My personal position is that I'm not a feminist, meninist, humanist, equalist or anything like that. I am very wary of categorization into ideological groups because I like to think freely and don't like my position controlled in any way by others. I'm not liberal or conservative either. I like to take what's useful or correct from different viewpoints. I try to not take extremist positions ( although I have). Obviously, I don't think that women are stupid or inferior, in some circles I think that certain women are quite frankly the best, unlimited competion aerobatics has two that I believe are probably impossible to excel.

My (educated) opinion: The best aerobatic pilots are Svetlana Kapanina and Patty Wagstaff, both women. The best drummer is Gene Krupa, a White man. The two best, or at least most, influencial people in surgery are both Black men, Vivien Thomas and Ben Carson.

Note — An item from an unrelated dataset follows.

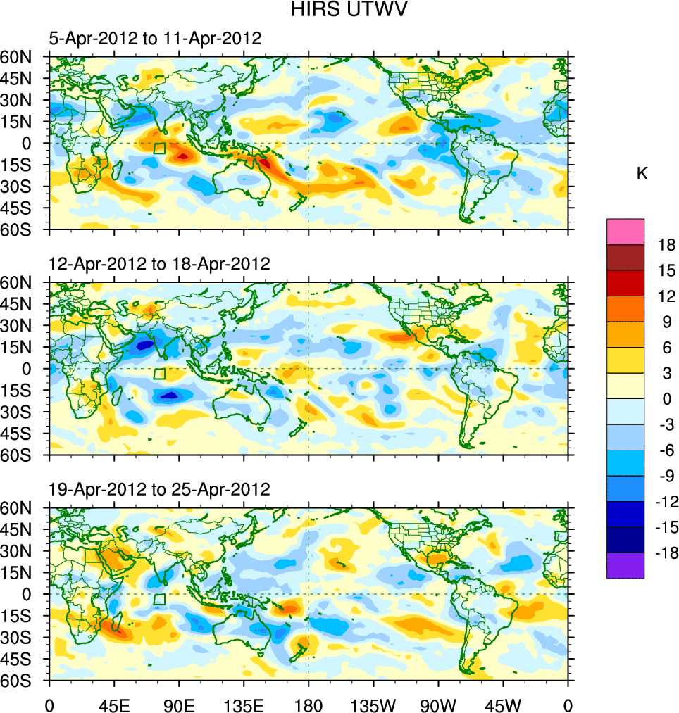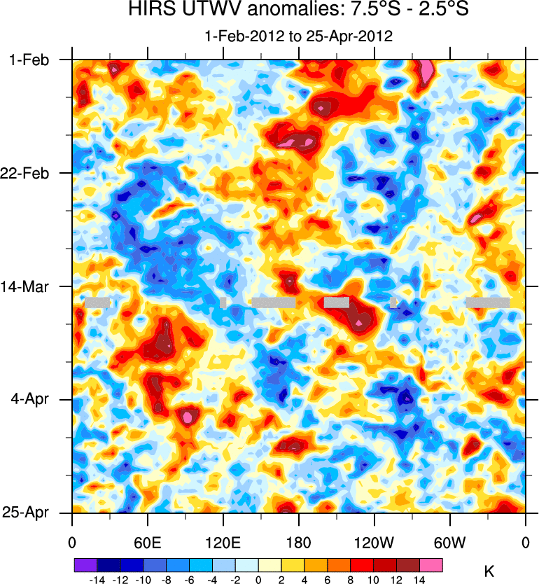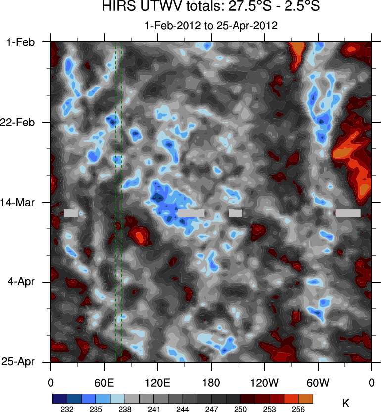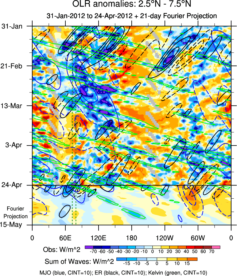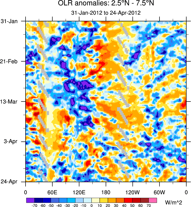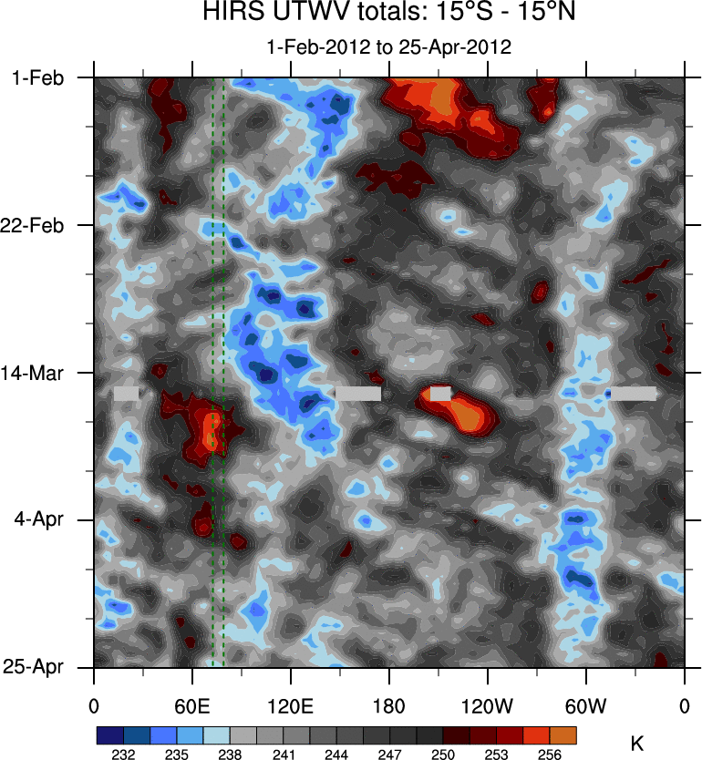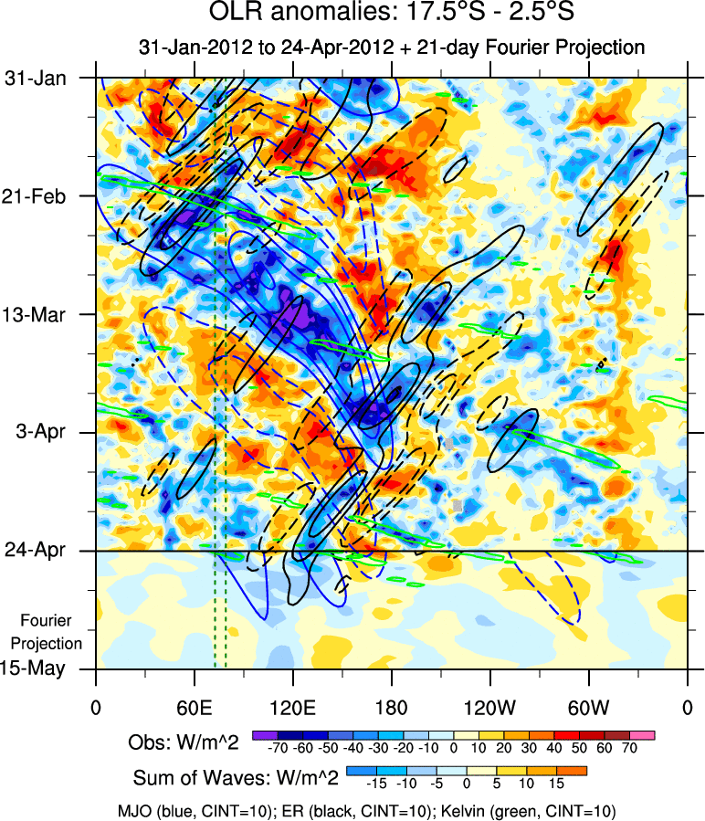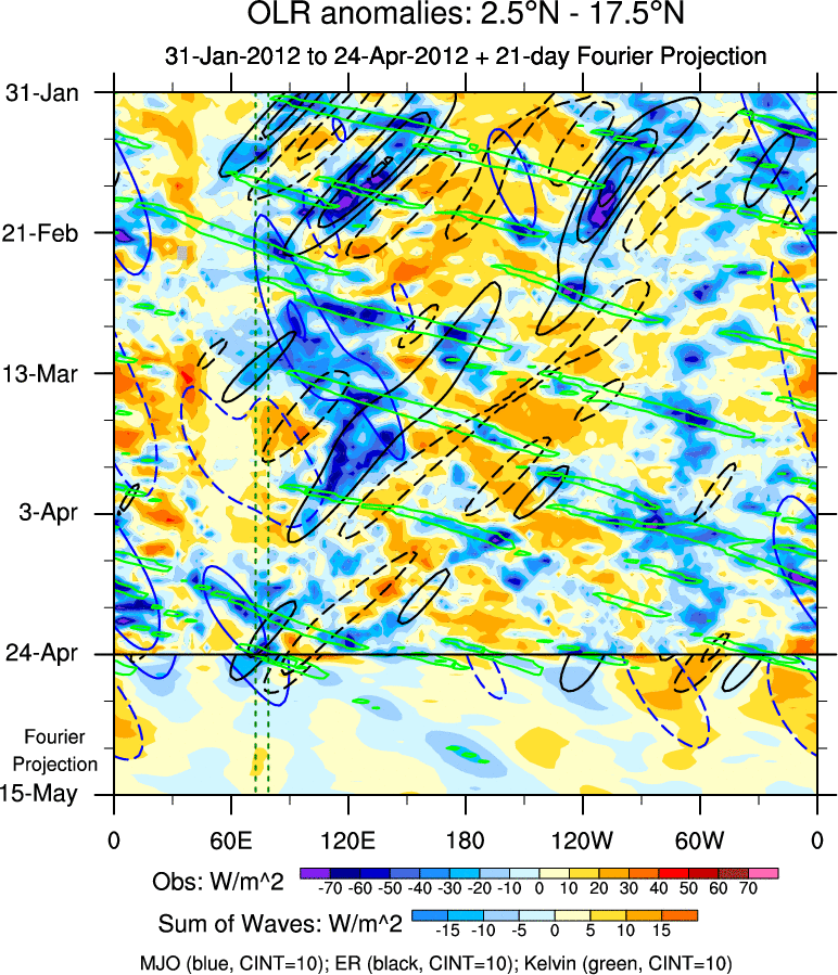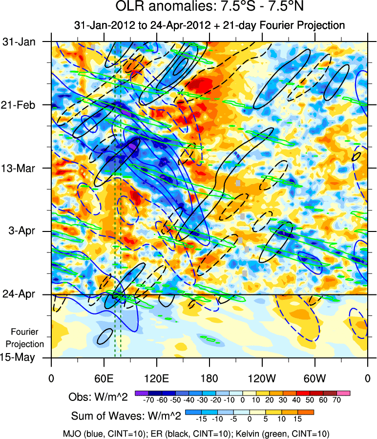 To identify tropical waves in near real-time, the OLR and UTWV data are filtered following Wheeler & Weickmann (2001 MWR). The daily anomalies are calculated using the first 3 harmonics of the seasonal cycle for 1979–2009. Missing values are then filled using linear interpolation in space and time. The most recent 365 days of anomalies are padded with 659 days of zeroes, and the result is filtered for each wave type.

I really only put racial or sex qualifiers to highlight that none meet the 'stereotypes' of race or gender. I personally admire the best.
 
@Cashew I still don't understand and Google isn't helpful not even the examples because of viewpoint bias. I'm really more accustomed to very precise terminology-Non-movement area, Excitation current, even if made up or popularized- selfie. I'm afraid that ' mansplaining' isn't useful to me. Thanks for trying to explain.